**THE DATA**.
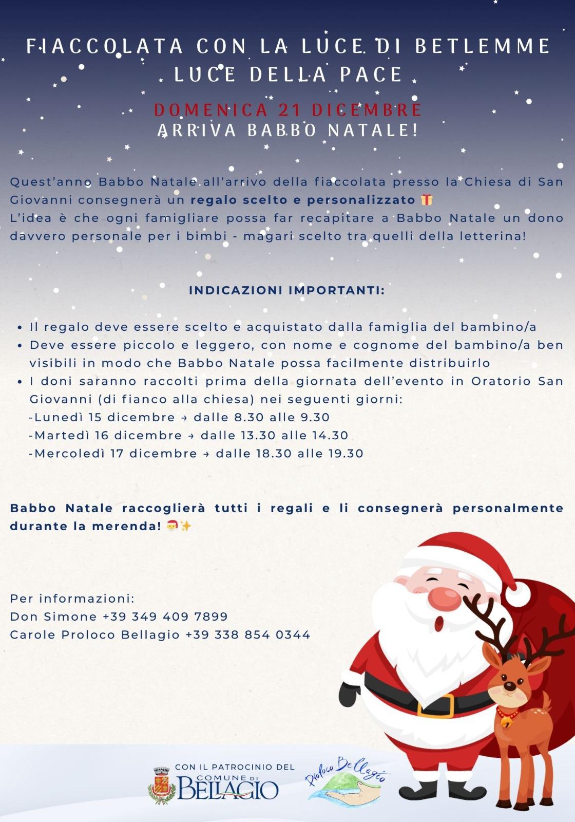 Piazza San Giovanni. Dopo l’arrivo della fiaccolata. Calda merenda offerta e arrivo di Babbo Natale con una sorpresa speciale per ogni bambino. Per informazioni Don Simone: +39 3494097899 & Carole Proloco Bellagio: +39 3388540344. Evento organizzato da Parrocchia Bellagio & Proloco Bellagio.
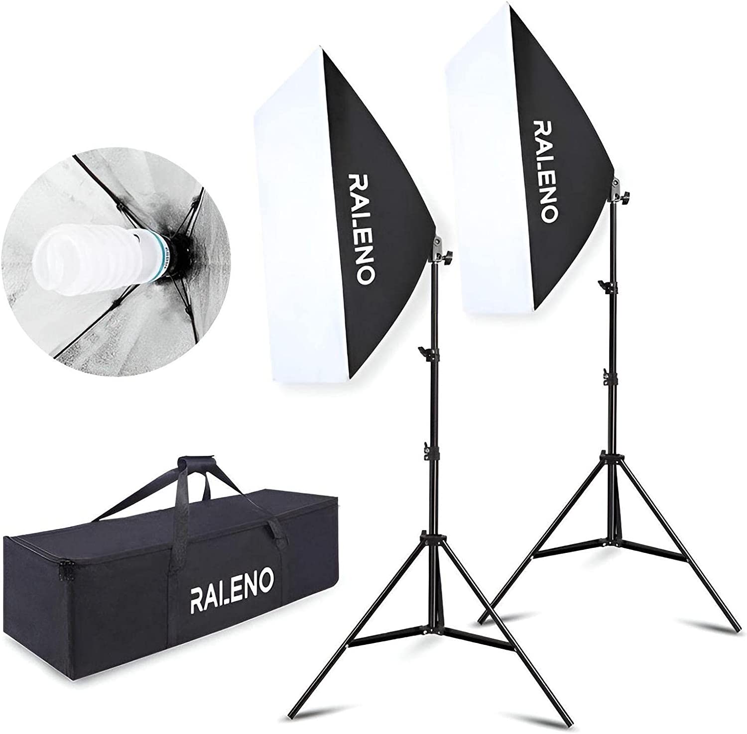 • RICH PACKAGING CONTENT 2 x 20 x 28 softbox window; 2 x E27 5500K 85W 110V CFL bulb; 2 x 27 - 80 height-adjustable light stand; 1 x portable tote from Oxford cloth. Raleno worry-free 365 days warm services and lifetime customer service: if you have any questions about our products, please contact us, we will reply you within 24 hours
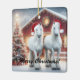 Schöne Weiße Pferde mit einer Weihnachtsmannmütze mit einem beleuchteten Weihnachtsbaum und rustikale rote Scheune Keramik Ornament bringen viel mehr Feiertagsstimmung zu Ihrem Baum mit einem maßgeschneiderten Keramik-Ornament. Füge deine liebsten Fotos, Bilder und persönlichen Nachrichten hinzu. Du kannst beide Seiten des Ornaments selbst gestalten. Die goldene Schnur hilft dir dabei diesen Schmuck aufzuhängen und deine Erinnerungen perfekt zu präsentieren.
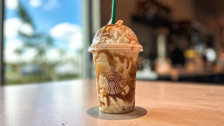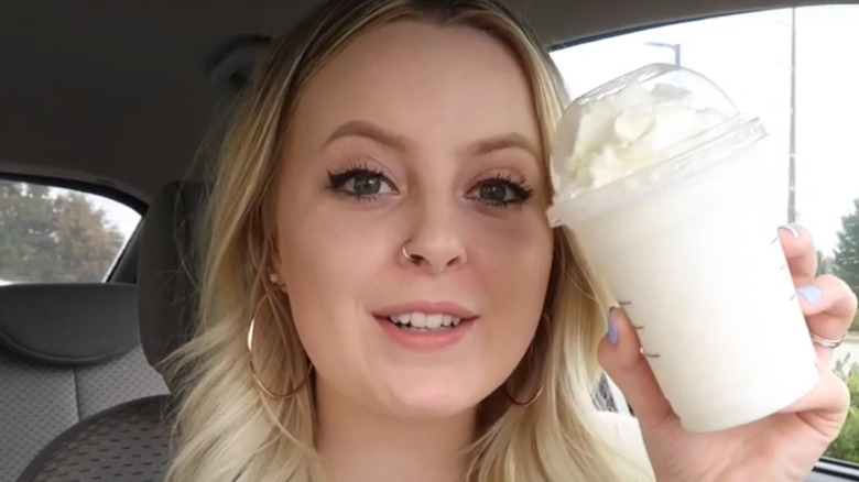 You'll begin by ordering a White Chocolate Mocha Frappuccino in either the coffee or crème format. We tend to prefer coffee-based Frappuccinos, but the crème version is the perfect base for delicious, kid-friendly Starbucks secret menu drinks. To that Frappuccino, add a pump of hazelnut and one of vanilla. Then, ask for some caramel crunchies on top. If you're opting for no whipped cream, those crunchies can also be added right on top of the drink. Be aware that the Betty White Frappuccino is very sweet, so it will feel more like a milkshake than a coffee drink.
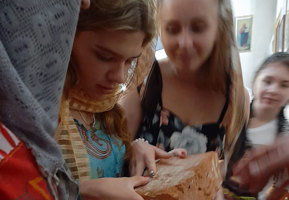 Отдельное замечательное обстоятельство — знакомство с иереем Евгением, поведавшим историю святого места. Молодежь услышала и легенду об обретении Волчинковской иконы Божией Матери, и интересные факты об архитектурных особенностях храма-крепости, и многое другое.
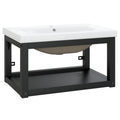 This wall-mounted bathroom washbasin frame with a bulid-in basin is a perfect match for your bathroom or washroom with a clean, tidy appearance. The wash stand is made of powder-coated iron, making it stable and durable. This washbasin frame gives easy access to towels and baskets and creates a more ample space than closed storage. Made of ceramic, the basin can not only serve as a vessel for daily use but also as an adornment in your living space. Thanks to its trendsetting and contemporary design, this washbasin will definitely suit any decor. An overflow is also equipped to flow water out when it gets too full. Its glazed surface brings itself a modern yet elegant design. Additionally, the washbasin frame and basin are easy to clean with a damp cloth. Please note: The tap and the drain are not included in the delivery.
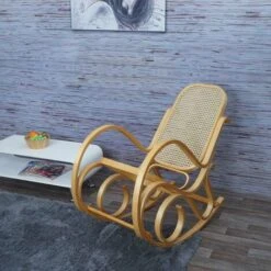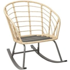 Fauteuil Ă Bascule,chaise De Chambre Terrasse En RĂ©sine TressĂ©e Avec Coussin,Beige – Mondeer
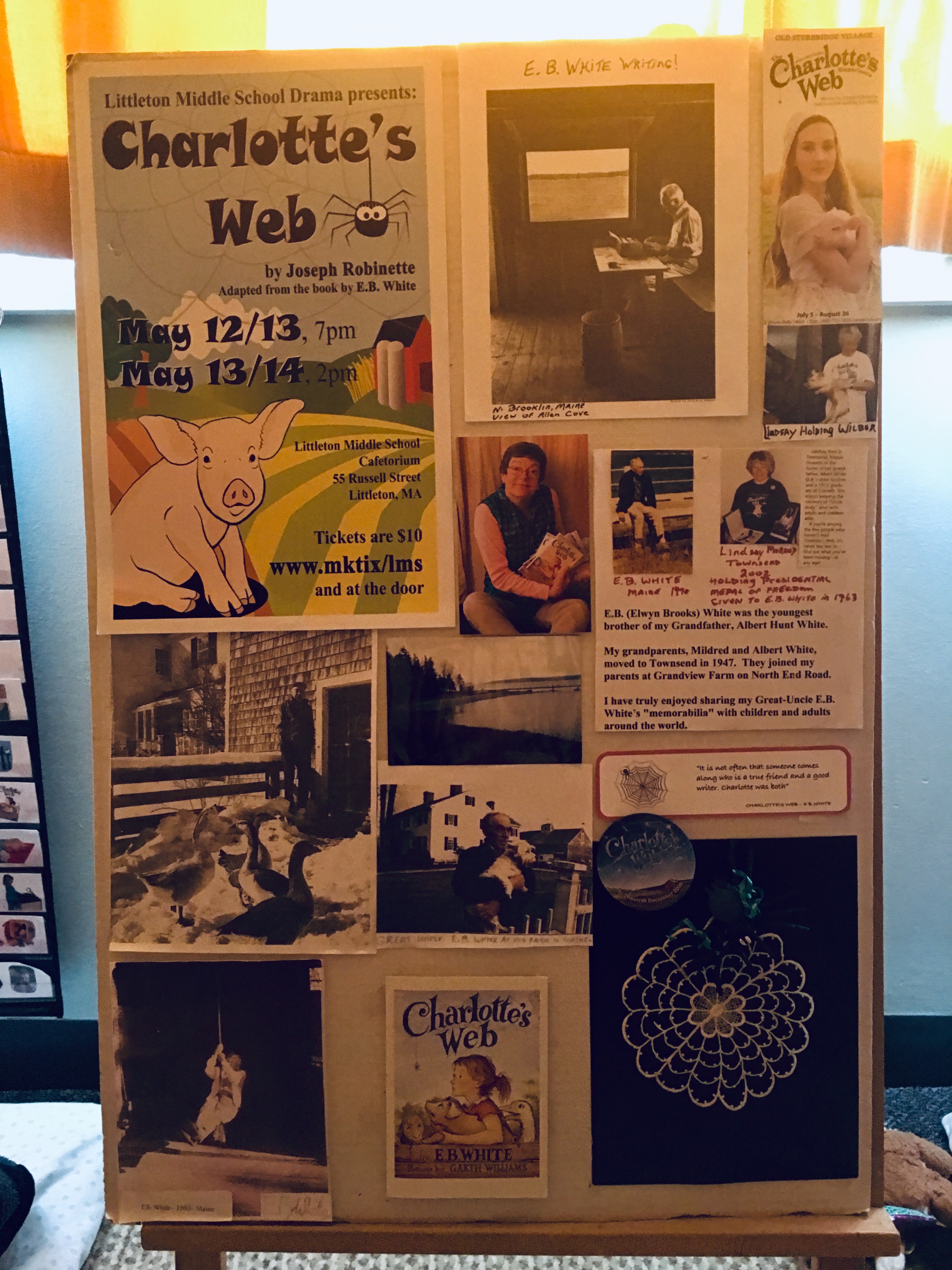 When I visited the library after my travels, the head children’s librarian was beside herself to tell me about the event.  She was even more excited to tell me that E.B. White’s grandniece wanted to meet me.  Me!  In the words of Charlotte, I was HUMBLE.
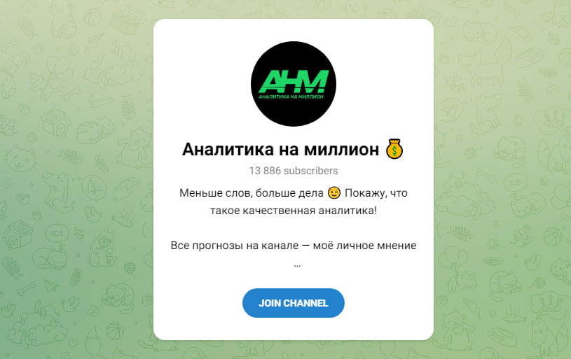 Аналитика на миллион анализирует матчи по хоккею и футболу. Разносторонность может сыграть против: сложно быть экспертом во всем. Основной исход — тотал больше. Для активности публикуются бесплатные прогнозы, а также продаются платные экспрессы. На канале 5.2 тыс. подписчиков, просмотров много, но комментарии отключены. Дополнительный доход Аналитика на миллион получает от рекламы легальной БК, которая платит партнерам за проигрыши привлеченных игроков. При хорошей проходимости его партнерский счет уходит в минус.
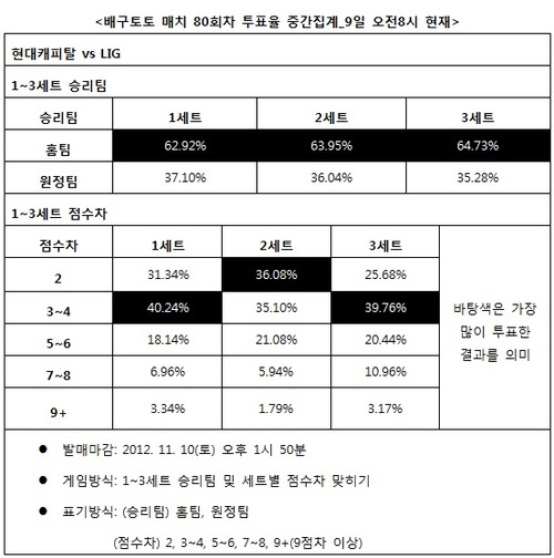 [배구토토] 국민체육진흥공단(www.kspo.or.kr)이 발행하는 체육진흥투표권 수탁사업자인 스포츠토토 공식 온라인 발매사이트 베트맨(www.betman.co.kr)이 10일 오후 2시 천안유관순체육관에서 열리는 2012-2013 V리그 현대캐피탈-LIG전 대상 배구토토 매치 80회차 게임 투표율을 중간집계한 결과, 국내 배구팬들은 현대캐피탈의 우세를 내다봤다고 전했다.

**PROBLEM DETAILS**.
An exact copy of the listing above, minus its pictures, is what is needed here.

**EXERCISE SOLUTION**.
 Piazza San Giovanni. Dopo l’arrivo della fiaccolata. Calda merenda offerta e arrivo di Babbo Natale con una sorpresa speciale per ogni bambino. Per informazioni Don Simone: +39 3494097899 & Carole Proloco Bellagio: +39 3388540344. Evento organizzato da Parrocchia Bellagio & Proloco Bellagio.
 • RICH PACKAGING CONTENT 2 x 20 x 28 softbox window; 2 x E27 5500K 85W 110V CFL bulb; 2 x 27 - 80 height-adjustable light stand; 1 x portable tote from Oxford cloth. Raleno worry-free 365 days warm services and lifetime customer service: if you have any questions about our products, please contact us, we will reply you within 24 hours
 Schöne Weiße Pferde mit einer Weihnachtsmannmütze mit einem beleuchteten Weihnachtsbaum und rustikale rote Scheune Keramik Ornament bringen viel mehr Feiertagsstimmung zu Ihrem Baum mit einem maßgeschneiderten Keramik-Ornament. Füge deine liebsten Fotos, Bilder und persönlichen Nachrichten hinzu. Du kannst beide Seiten des Ornaments selbst gestalten. Die goldene Schnur hilft dir dabei diesen Schmuck aufzuhängen und deine Erinnerungen perfekt zu präsentieren.
 You'll begin by ordering a White Chocolate Mocha Frappuccino in either the coffee or crème format. We tend to prefer coffee-based Frappuccinos, but the crème version is the perfect base for delicious, kid-friendly Starbucks secret menu drinks. To that Frappuccino, add a pump of hazelnut and one of vanilla. Then, ask for some caramel crunchies on top. If you're opting for no whipped cream, those crunchies can also be added right on top of the drink. Be aware that the Betty White Frappuccino is very sweet, so it will feel more like a milkshake than a coffee drink.
 Отдельное замечательное обстоятельство — знакомство с иереем Евгением, поведавшим историю святого места. Молодежь услышала и легенду об обретении Волчинковской иконы Божией Матери, и интересные факты об архитектурных особенностях храма-крепости, и многое другое.
 This wall-mounted bathroom washbasin frame with a bulid-in basin is a perfect match for your bathroom or washroom with a clean, tidy appearance. The wash stand is made of powder-coated iron, making it stable and durable. This washbasin frame gives easy access to towels and baskets and creates a more ample space than closed storage. Made of ceramic, the basin can not only serve as a vessel for daily use but also as an adornment in your living space. Thanks to its trendsetting and contemporary design, this washbasin will definitely suit any decor. An overflow is also equipped to flow water out when it gets too full. Its glazed surface brings itself a modern yet elegant design. Additionally, the washbasin frame and basin are easy to clean with a damp cloth. Please note: The tap and the drain are not included in the delivery.
 Fauteuil Ă Bascule,chaise De Chambre Terrasse En RĂ©sine TressĂ©e Avec Coussin,Beige – Mondeer
 When I visited the library after my travels, the head children’s librarian was beside herself to tell me about the event.  She was even more excited to tell me that E.B. White’s grandniece wanted to meet me.  Me!  In the words of Charlotte, I was HUMBLE.
 Аналитика на миллион анализирует матчи по хоккею и футболу. Разносторонность может сыграть против: сложно быть экспертом во всем. Основной исход — тотал больше. Для активности публикуются бесплатные прогнозы, а также продаются платные экспрессы. На канале 5.2 тыс. подписчиков, просмотров много, но комментарии отключены. Дополнительный доход Аналитика на миллион получает от рекламы легальной БК, которая платит партнерам за проигрыши привлеченных игроков. При хорошей проходимости его партнерский счет уходит в минус.
 [배구토토] 국민체육진흥공단(www.kspo.or.kr)이 발행하는 체육진흥투표권 수탁사업자인 스포츠토토 공식 온라인 발매사이트 베트맨(www.betman.co.kr)이 10일 오후 2시 천안유관순체육관에서 열리는 2012-2013 V리그 현대캐피탈-LIG전 대상 배구토토 매치 80회차 게임 투표율을 중간집계한 결과, 국내 배구팬들은 현대캐피탈의 우세를 내다봤다고 전했다.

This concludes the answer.